А он, будто убедившись, что теперь я пойму его, продолжает торопливо:

— Я очень, я страшно несчастен. Вы себе и представить не можете, до чего! И вот то, что со мной, которому женщины поклонялись как Богу, могло случиться такое, меня просто доконало. Помните рассказ Чехова? Бедная девушка, совсем бедная, полуголодная, целый день бегала по объявлениям в поисках работы, изнемогая от усталости, и вот вечером в какой-то конторе швейцар не впустил ее и, так как она все же хотела войти, толкнул ее в грудь: «Место уже занято! Говорят вам, занято!» Не грубо, совсем легко толкнул, а она повернулась, добежала до моста и бросилась с него в Неву! Все могла перенести, а это ее доконало. Как ваш отказ принять меня.

— Но ведь я ничем не обидела вас, — протестую я, краснея, — право, ничем. Я боюсь пьяных. Я боялась скандала.

— Да, да. Вы не могли иначе поступить. А обо мне вы не подумали. До меня вам никакого дела не было.

Я сознаю, что он прав. Мне действительно не было дела до него. А сейчас... Сейчас есть. И еще какое! Мне его очень жаль. Мне хочется утешить его. Но чем?

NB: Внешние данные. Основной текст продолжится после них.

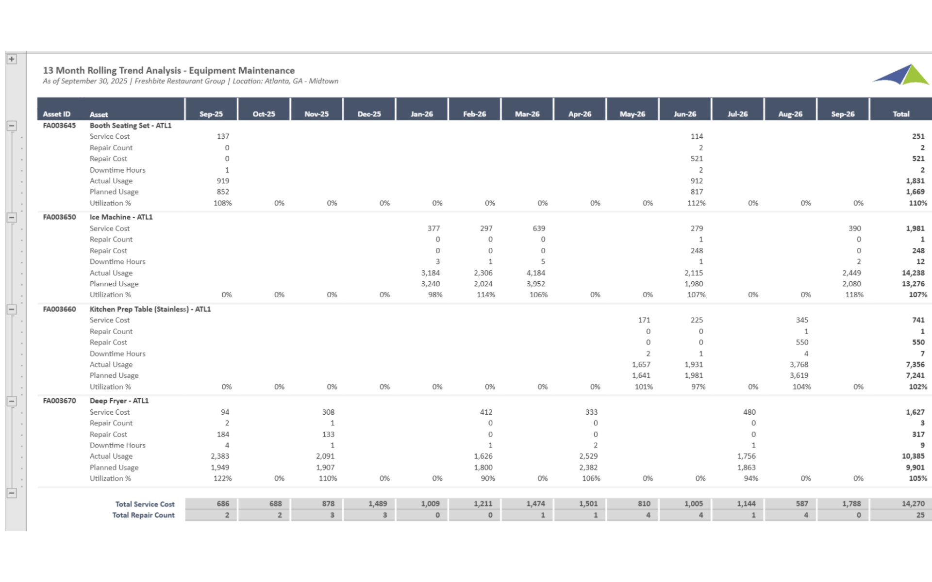 Retail - Restaurant – 13 Month Rolling Trend Analysis – Equipment Maintenance

И я говорю наобум первое, что мне приходит в голову:

— Я никогда не была на ваших поэзовечерах, но знаю, что у вас был невероятный, небывалый успех, и я... Он не дает мне закончить:

— Да, да. Небывалый, громокипящий успех. Уличное движение останавливали, когда я выступал в зале под Думской каланчой. А в Керчи, в Симферополе, на Волге лошадей распрягали, и поклонники на себе везли меня, триумфатора! Страшно вспомнить, какое великолепие! Купчихи бросали к моим ногам на эстраду бриллиантовые браслеты, серьги, брошки...

Он весь преображается, голос его звенит.

— До чего чудесно было! Сказка из «Тысячи и одной ночи». Даже еще чудесней! Сологуб возил меня по всей России, и всюду вечный праздник, беззакатное торжество! На меня, как из рога изобилия, сыпались цветы, слава, влюбленные женщины... И деньги! Сколько денег! Просто золотой дождь!

Он мечтательно закрывает глаза и улыбается. Я впервые вижу его улыбку — и на балу, и в злосчастный вечер его прихода ко мне у него было самоуверенное, злое, почти наглое лицо, а теперь его улыбка придает ему что-то беззащитное, наивное, почти детское.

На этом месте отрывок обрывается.